January 27th, 2006

I have no idea what is going on with me, but I think I like it.

I've purged my profile. I'm not sure what this means to me yet. Perhaps an change of priorities or an epiphany... but to be an epiphany, it would have to be a sudden moment, right? I'm not sure what has sparked what I'm going through, but I've found myself speaking a lot less, even to myself (I normally talk to myself a lot), and thinking a lot more. Maybe mortality is part of it. An Old Friend just passed on, after all. I'm finding myself less concerned or interested in the things that usually interest me, like politics, and more interested in things that have only been passing blips on my mind's radar. I don't know. I just don't know. It kind of feels like some spiritual awakening. I feel like I have a lot of beautiful things, ideas, and/or concepts locked inside with no way to express those things, ideas, and/or concepts. Part of me feels like chanting some jibberish right now.
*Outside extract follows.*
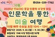 뉴스펀치 김종율 기자 | 영천시 평생학습관(관장 정경자)은 22일부터 30일까지 ‘2025년 하반기 The(더) 공감 인문학 특강’ 10월 수강생을 모집한다. 이번 특강은 ‘인문학을 통한 미술 여행’이라는 주제로 진행되며, 쉽게 접할 수 없고 이해하기 어려운 미술 작품들을 인문학을 통해 만나볼 수 있도록 기획됐다. 10월 1일 첫 강의는 신경진 작가가 ‘영화로 미술 쉽게 이해하기’를, 10월 15일 2회차 강의는 백인필 미술해설가가 ‘해설이 있는 미술 작품 감상’을 주제로 진행한다. 10월 22일 3회차 강의는 임현락 경북대 미술학과 교수가 ‘동양화: 한국의 미술을 찾아서’를, 10월 29일 마지막 강의는 최영주 대구한의대 교수가 ‘고통을 작품으로 승화하다’에 대해 강의한다. 수강 신청은 평생학습관 홈페이지를 통해 온라인으로 접수할 수 있으며, 강의는 10월 매주 수요일 오전 10시부터 오후 12시까지 평생학습관 2층 회의실에서 진행된다. 자세한 사항은 영천시 평생학습관 홈페이지를 참고하거나, 평생학습관 교육운영팀으로 문의하면 안내받을 수 있다.

I can feel something welling up inside me, but it's not that old anger. No... it's something a lot different. Something I've never felt before. It's not familiar to me, but it doesn't scare me at all. Is it an awakening? I guess we'll see. All I can say is that I've felt really relaxed, yet not very energetic for the last three days. I don't feel like doing anything but contemplating this and meditating. Things even sound, look, feel, and taste different.

First of all, this phenomenon started the day my Old Friend passed on (about mid-afternoon). I have been, almost continuously, in this mood equilibrium ever since. I am more and more beginning to believe that the Old Friend's passing and the phenomenon are no coincidence. Maybe something is trying to reach at me from the spiritual realm and tell me something. Maybe it's my own intuition telling me not to make the same mistakes that Older People that I know have made so that I can live a long, prosperous, and healthy life with my wife, my children, and all who encounter me. Whatever it is, I'm going to milk it like it's going out of style.

It something that I'd place in the realm of euphoria on the emotional scale, but not enough that anyone can notice. I'm not sure how else to explain it, even though I have a funny feeling that someone is going to run across this text and give me a hint. It might even be me.